Um trabalhador que colabore com as autoridades públicas em situações de corrupção ou de má administração interna pode ser despedido com justa causa por violação do dever de lealdade para com o empregador?
O tema dos sistemas de denúncia de comportamentos irregulares (“whistleblowing”) não é recente (cfr. casos Enron em 2001, Oil for Food em 2005 e FIFA em 2014), nem está isento de polémica, visto que não é fácil traçar a fronteira entre uma cooperação leal com as autoridades e um ato de vingança ou de pressão sobre uma determinada pessoa ou entidade.
Por exemplo, o Tribunal Europeu dos Direitos do Homem (TEDH) considerou, em 2011, que o despedimento de uma trabalhadora com fundamento na apresentação de participação criminal contra o empregador, com fundamento na falta ou insuficiência de assistência a pacientes, constituía uma violação do direito à liberdade de expressão previsto na Convenção Europeia dos Direitos do Homem.
Segundo o TEDH, a violação do dever de lealdade ao empregador podia ser admissível, desde que a participação (i) fosse necessária para a tutela do interesse público, (ii) não fosse conscientemente infundada ou leviana, (iii) fosse apresentada após recurso a outros meios mais discretos (ou internos) para corrigir ou eliminar o comportamento irregular e (iv) não consubstanciasse um ato manifestamente ilegítimo (ex.: vingança ou pressão pública para obtenção de uma vantagem privada).
Este tema coloca, nomeadamente, questões laborais e de proteção de dados. Ora, por um lado, o trabalhador deve (i) respeitar e tratar o empregador, os superiores hierárquicos, os companheiros de trabalho e as pessoas que se relacionam com a empresa, com urbanidade e probidade e (ii) guardar lealdade ao empregador. Por conseguinte, compreende-se que constitua justa causa de despedimento, designadamente, (i) a violação de direitos e garantias de trabalhadores da empresa, (ii) a lesão de interesses patrimoniais sérios da empresa e (iii) a prática, no âmbito da empresa, de violências físicas, injúrias ou outras ofensas punidas por lei (ex.: crime de denúncia caluniosa).

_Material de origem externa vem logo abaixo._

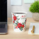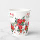 This colourful Christmas paper cup is full of pretty watercolor images of red poinsettia blossom bouquets, with soft green leaves and red and gold berries. The stylised text above the image on two sides says "MERRY Christmas". Everything is placed on a snow white background. Pretty for your Holiday entertaining.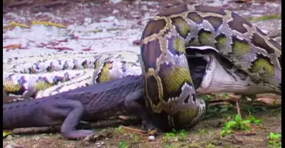 巨蟒要活吞獵狗 看看獵狗最後如何擺脫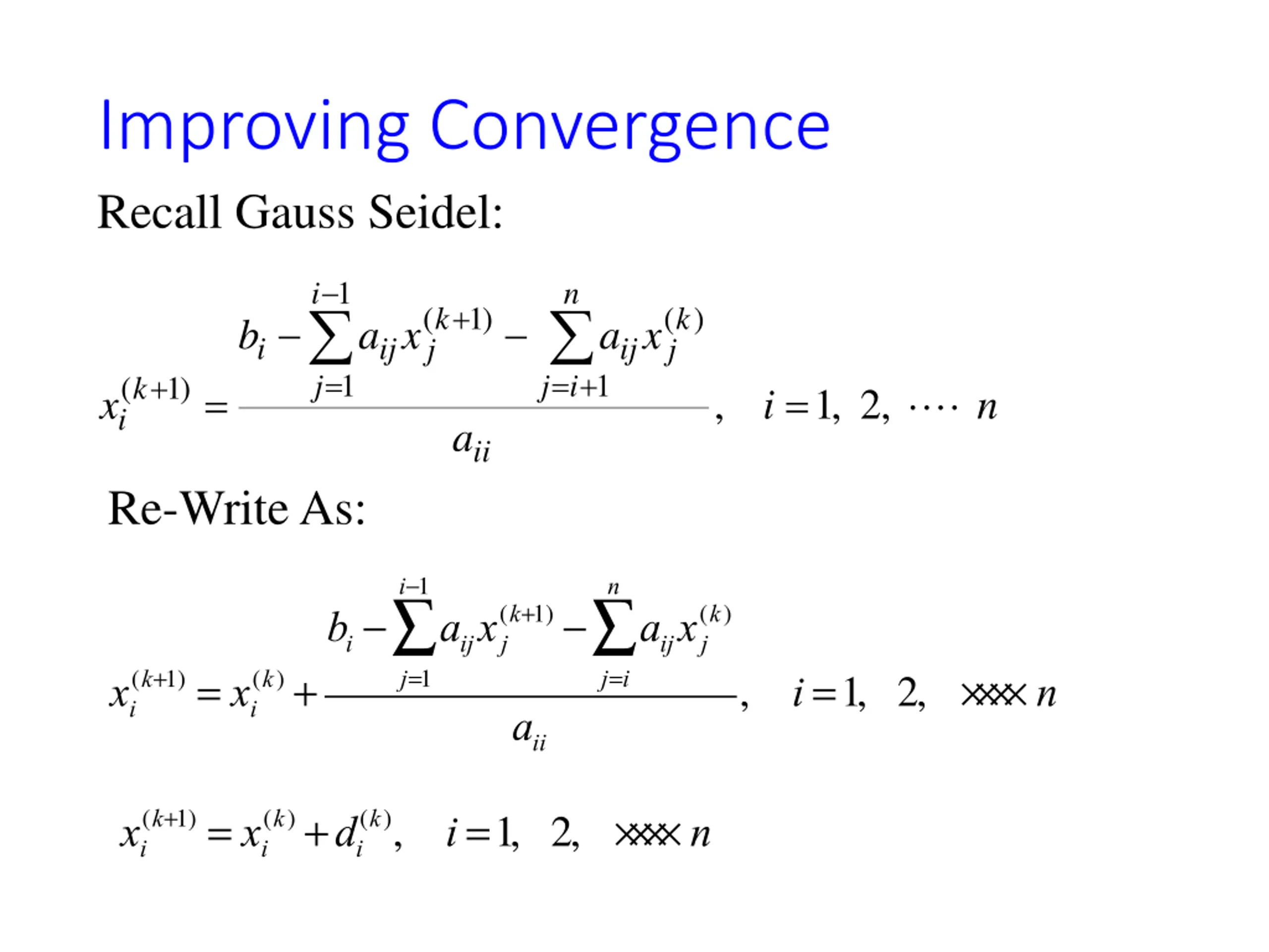 Improving Convergence Recall Gauss Seidel: 1 i = n = ) 1 + ( ( ) k k b a x a 1 x i ij ij j j + ) 1 + 1 j j i ( k = , 1 = , , 2 x i n i a ii Re-Write As: i-1 n (k+1)- bi- (k) aijxj aijxj j=1 j=i (k+1)= xi (k)+ , i =1, 2, n xi aii (k+1)= xi (k)+di (k), i=1, 2, n xi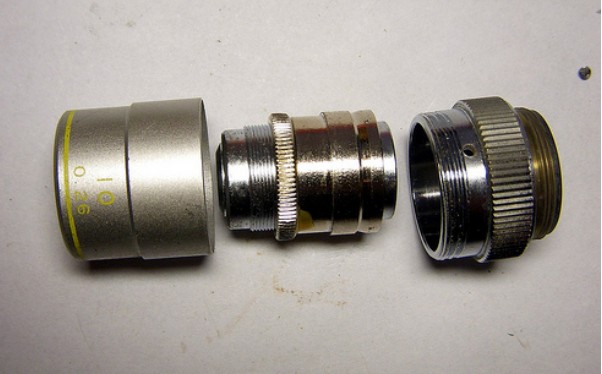 物鏡的部份,倍率越高物鏡就越長(zhǎng),當(dāng)然結(jié)構(gòu)也相對(duì)復(fù)雜。還好物鏡的螺紋有標(biāo)準(zhǔn)規(guī)格,所以A家的物鏡和B家的物鏡其實(shí)可以互相替換。

Por outro lado, de acordo com a Deliberação da Comissão Nacional de Proteção deDados (CNPD) (2009), o tratamento de dados aplicável às “Linhas de Ética” noâmbito financeiro está sujeito a prévia autorização da CNPD, devendo respeitaros princípios da proporcionalidade, da boa-fé e da transparência. Esta Deliberação parece apontar para a admissibilidade deste tipo de procedimentos apenas nos domínios da contabilidade, dos controlos contabilísticos internos, da auditoria, da luta contra a corrupção e do crime bancário e financeiro.
Todavia, em 2014, o Conselho da Europa emitiu uma Recomendação aos Estados-membros paraadotarem normas de proteção dos “whistleblowers”, nomeadamente no caso de denúncias sobre atos ou omissões que possam ameaçar ou prejudicar o interesse público nos domínios dos direitos humanos, saúde e segurança públicas e ambiente. Por outras palavras, as “Linhas de Ética” podem vir a assumir um alcance mais abrangente. Em suma, a criação de “Linhas de Ética” está na ordem do dia, coloca alguns problemas laborais e de proteção de dados que podem ser convenientemente resolvidos em instrumentos internos aprovados pelo empregador, ao abrigo do seu poder regulamentar.